# Sandhill Crane



## cheerdad (Nov 11, 2011)

anybody have any sandhill crane recipes or cooking tips they would like to share?


----------



## sotexhookset (Jun 4, 2011)

Soak in butter milk and fry like chicken. It's been a long time but I used to eat them pretty often in my younger years.


----------



## boat_money (May 21, 2004)

jerky jerky jerky


----------



## oldpro (Jul 8, 2009)

Remove the membrane on the breast and everything around the wing joint that is gristle. Salt and pepper, and douse with olive oil. Cook over high heat on the grill like you would a steak Do not overcook. Rare or medium rare at most. You will have a hard time telling this is not beef.


----------



## 180gc (Jul 18, 2006)

breast em out and marinate in olive oil, onion and mccormicks steak seasoning over night in fridge. then cook it in a non stick skillet on high. 30-45 SECONDS. it will be rare and taste like a steak.


----------



## Haute Pursuit (Jun 26, 2006)

We used to simmer the bird in water with onion, celery, parsley and salt/cayenne until the meat got tender and then pick the meat and use it and the stock for a gumbo. It was really good.


----------



## jonsan4b1 (Apr 17, 2008)

We breasted it out, then I pot roasted mine in the Lipton Onion soup mix. Tried baking em in the oven, but the legs are stringy and a pain in the butt to eat.


----------



## activescrape (Jan 8, 2006)

It's good breasted out, cut into strips and chicken fried. Our go to way was to put the breast, on the bone, in a roasting bag with potatoes, onions, carrots and garlic and roast it just like a beef roast.


----------



## Haute Pursuit (Jun 26, 2006)

I don't shoot them anymore if one of my dogs is there. They will peck a dogs eyes out if you wing one. They know what they are doing...


----------



## scm (Apr 27, 2006)

Crane Ka-bobs. Cut breasts into chunks ( 1-1 1/2" chunks) inject each chunk with Tony Chacheres Cajun butter marinade. Skewer meat, pineapple chunks, yellow bell peppers, purple onion, mushrooms, zuccinni and Chappel hill sausage. Pour the rest of marinade not injected over your skewers and let sit for 20- 30 minutes. sprinkle skewers with Tony's seasoning and grill on the pit. DO NOT overcook or the meat will be tough. You want the meat to be medium rare. this recipe is also good for goose,duck,dog cat, whatever.


----------



## Wakerider1424 (Nov 25, 2007)

My buddy and I made some kabobs ^^ a couple days ago and they were awesome! Cut into skewerable pieces.
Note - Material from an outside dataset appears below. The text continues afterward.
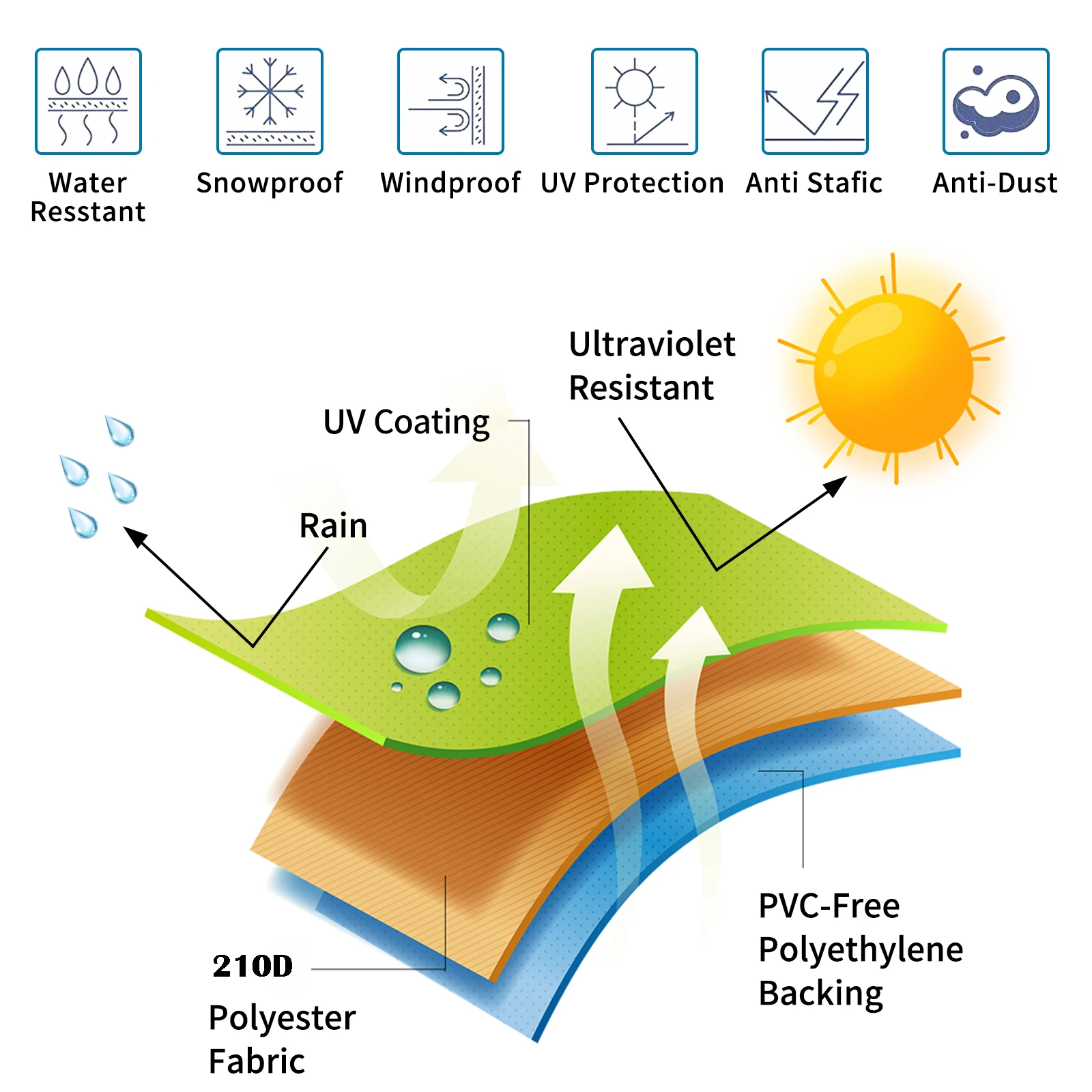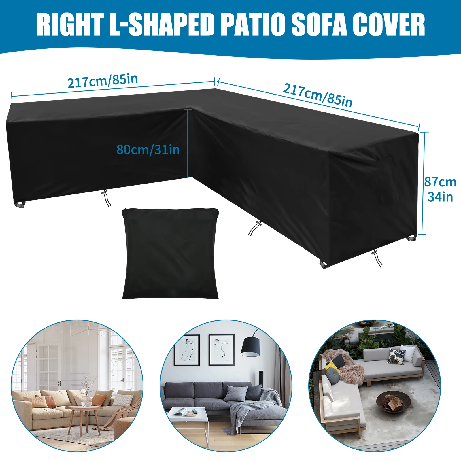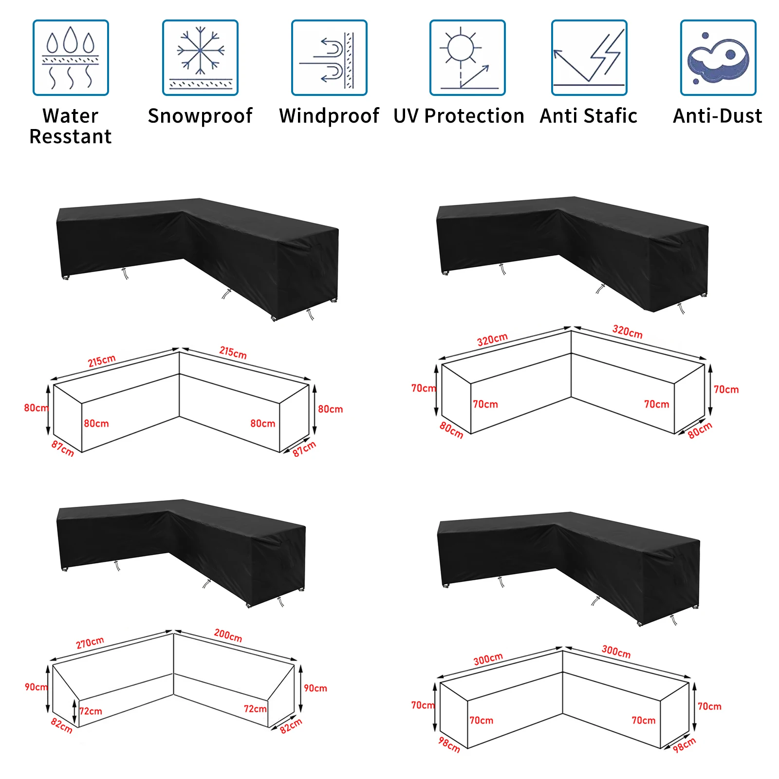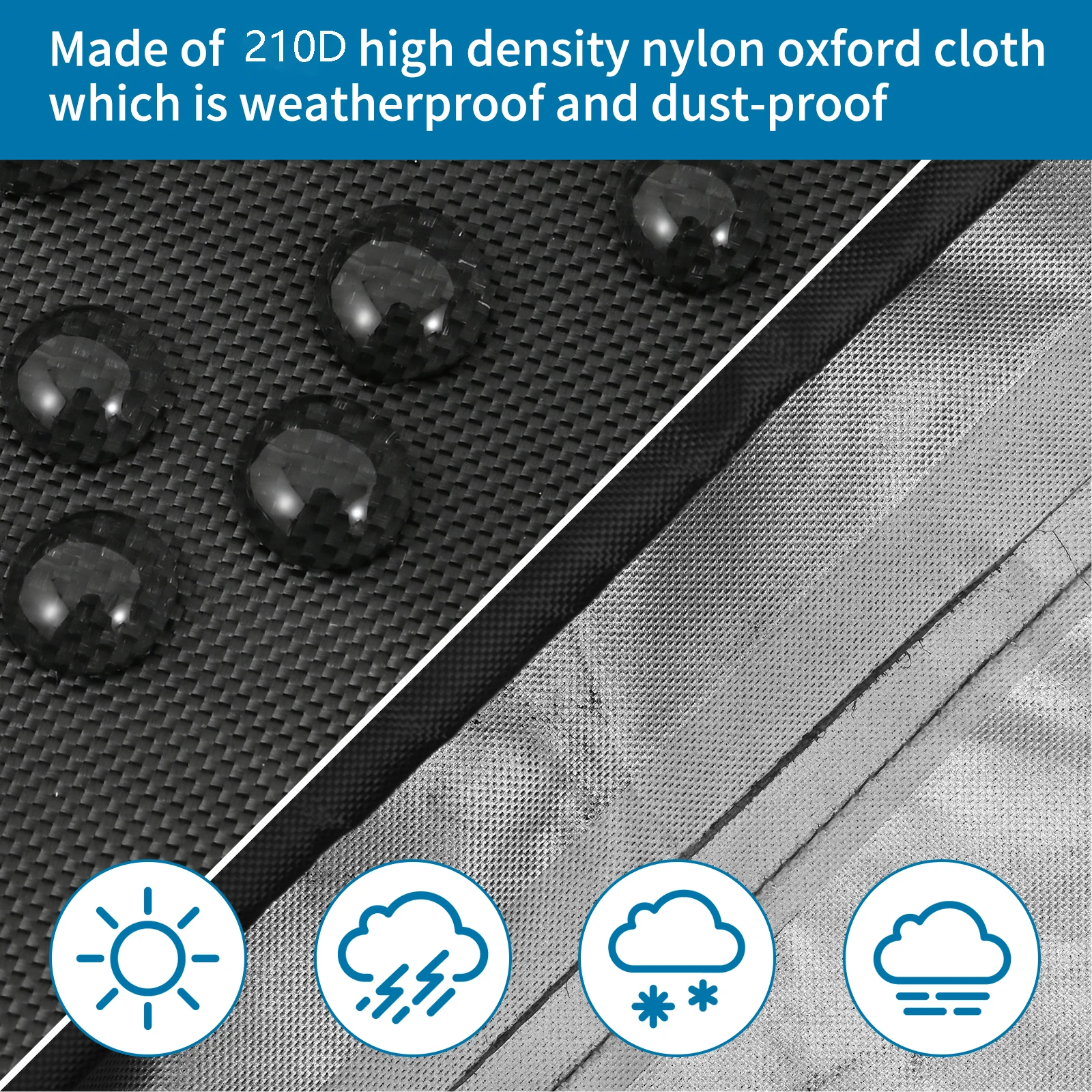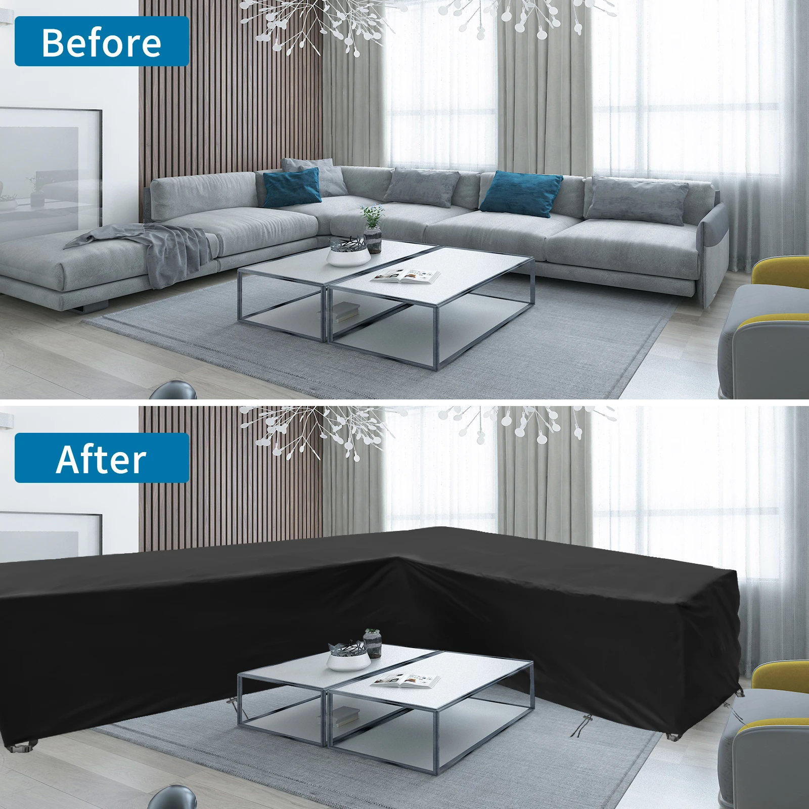 1. Waterproof patio part cover: Made of waterproof thick Oxford cloth with PVC coating on the back. Waterproof against wind, rain, frost, UV rays, dirt, dust or bird droppings, keeping your furniture safe, clean and dry.
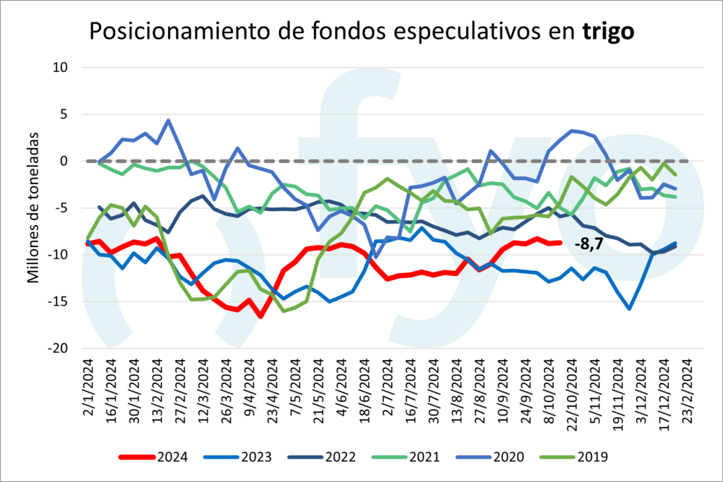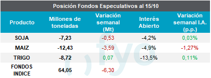 Dichos fondos detuvieron las compras netas de productos agrícolas durante casi dos meses. En soja, la variación fue poco significativa, con ventas por 500.000 toneladas. En cuanto al maíz, incrementaron su posición vendedora en el equivalente a 3,6 Mt. En trigo, prácticamente se mantuvieron sin cambios.

Marinade for 2 hrs in soy sauce, 2 cloves of fresh garlic, brown sugar, and pineapple juice. Next cut zucinni, squash, red onion, and bell pepper and make skewers. We also made a Spicy Southwest baste: put in pot and boil 1/2 cup beef broth, stick of butter, clove of garlic, tblspn of cilantro, 1/4 cup of white vinegar, half of a lime (let boil in and take out when its done), and a serrano pepper quartered long ways (do the same as lime). Simmer for 30 minutes and use baste when on the grill. Dont overcook and enjoy!


----------



## txsmith1 (Feb 13, 2012)

My favorite...

breast them out and clean them. Throw breasts in a zip lock bag with worcestershire sauce with montreal steak seasoning for a couple hours. Then throw that bad boy on the grill! If you like more seasoning you can throw on more before you put it on the grill. And like said before...do not overcook. and watch out for bbs!


----------